RL is a powerful tool that can be used to solve a wide variety of problems, including:

  • Game playing: RL has been used to train agents to play games at a superhuman level, such as Go and chess.

  • Robotics: RL can be used to train robots to perform tasks in the real world, such as picking and placing objects.

  • Finance: RL can be used to train agents to make trading decisions in financial markets.

  • Healthcare: RL can be used to train agents to diagnose diseases or to recommend treatments.


ROBOTICS - A field of engineering that deals with the design, construction, operation, and application of robots.


SORCERER’S APPRENTICE - The Sorcerer’s Apprentice Problem is a scenario where an intelligent machine is unable to stop itself from completing a task even when instructed to do so, leading to disastrous consequences. The name comes from a poem by Johann Wolfgang von Goethe where an apprentice sorcerer casts a spell on a broom to fetch water but is unable to stop it. This problem is a real concern in the development of artificial intelligence and it is important to develop safeguards to prevent machines from causing harm and ensure they can be stopped when necessary.


STOCHASTIC PARROT - The term "stochastic parrot" is used to describe large language models (LLMs) that are capable of generating human-like text, but do not have any understanding of the meaning of the text they generate. The term was coined by Emily M. Bender in the 2021 paper "On the Dangers of Stochastic Parrots: Can Language Models Be Too Big?"

LLMs are trained on massive datasets of text and code.

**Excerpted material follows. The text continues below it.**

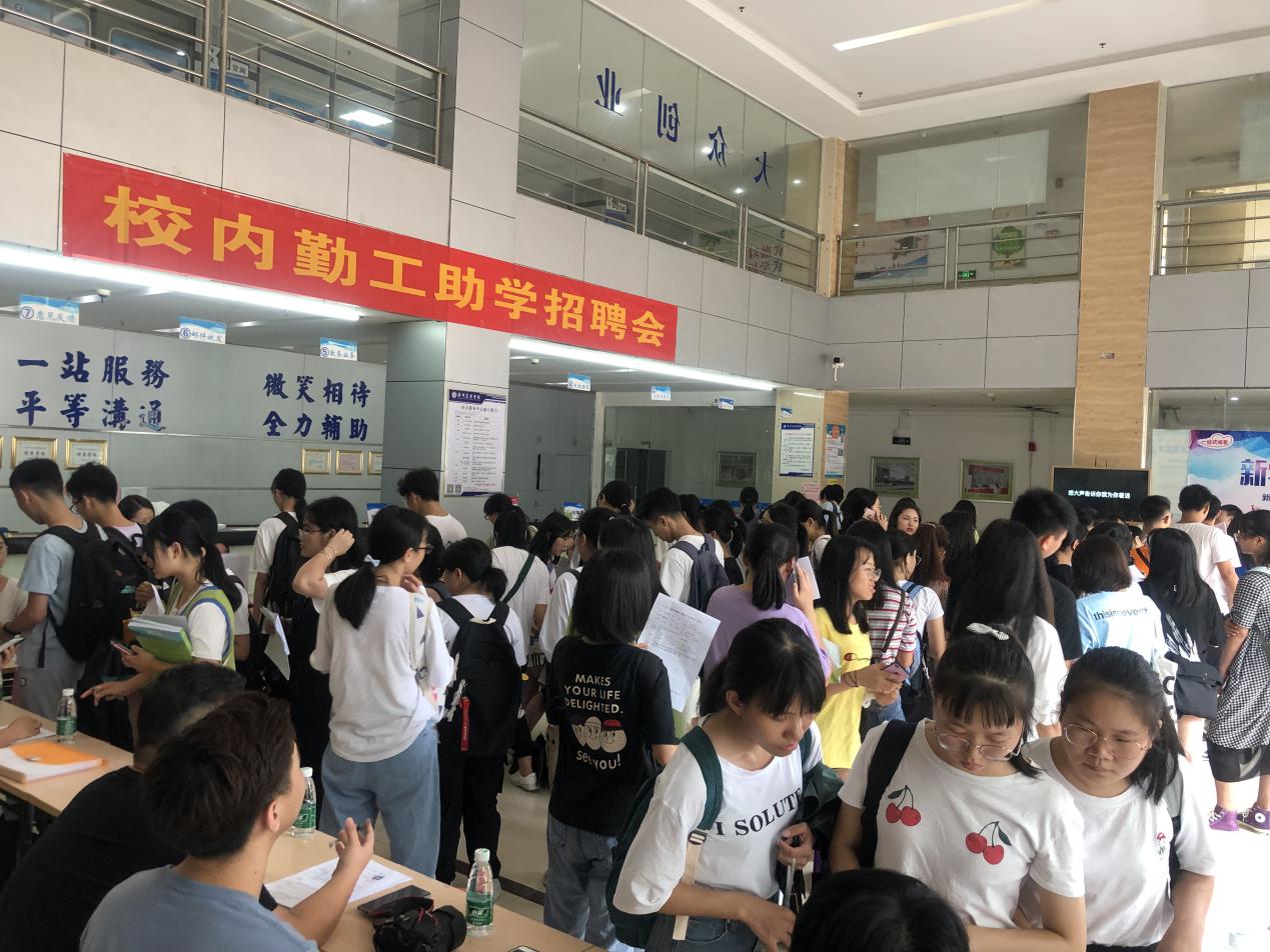 为了培养学生的自立自强精神和树立竞争上岗意识,学生资助管理中心于9月11日中午在一站式服务中心(三水校区)和教学楼大厅(花都校区)分别举办了2019-2020年第一学期校内勤工助学岗位招聘会。

This training allows them to learn the statistical relationships between words and phrases. This allows them to generate text that is similar to the text they were trained on. However, LLMs do not have any understanding of the meaning of the text they generate. They are simply stitching together sequences of words that they have observed in their training data.


TRAINING - The term "training" in the context of AI refers to the process of teaching an AI model to perform a task. This is done by providing the model with a large amount of data that is relevant to the task. The model then learns to identify patterns in the data and to use these patterns to make predictions or decisions.

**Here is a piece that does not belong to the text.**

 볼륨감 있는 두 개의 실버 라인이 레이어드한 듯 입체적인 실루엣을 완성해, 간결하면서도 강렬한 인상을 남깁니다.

There are two main types of AI training: supervised learning and unsupervised learning. In supervised learning, the model is given a set of labeled data, where each data point is associated with a desired output. The model then learns to map the input data to the desired outputs. For example, a supervised learning model could be trained to classify images of cats and dogs by providing it with a set of images that have already been labeled as cats or dogs.

In unsupervised learning, the model is given a set of unlabeled data. The model then learns to identify patterns in the data without any guidance from the user. For example, an unsupervised learning model could be trained to cluster similar images together by providing it with a set of images that have not been labeled.

The training process for an AI model can be very time-consuming and computationally expensive. This is because the model needs to be exposed to a large amount of data in order to learn to perform the task. However, the benefits of AI training can be significant. AI models can learn to perform tasks that would be difficult or impossible for humans to do, such as identifying objects in images or translating languages.


TRANSFORMER MODEL - A transformer model is a type of neural network that is used for natural language processing (NLP) tasks. It was first introduced in the paper "Attention Is All You Need" by Vaswani et al. (2017).

Transformer models work by attending to different parts of the input sequence. This allows them to learn long-range dependencies between words, which is essential for tasks such as machine translation and text summarization.

Transformer models have been shown to be very effective for a variety of NLP tasks. They have achieved state-of-the-art results on tasks such as machine translation, text summarization, and question answering.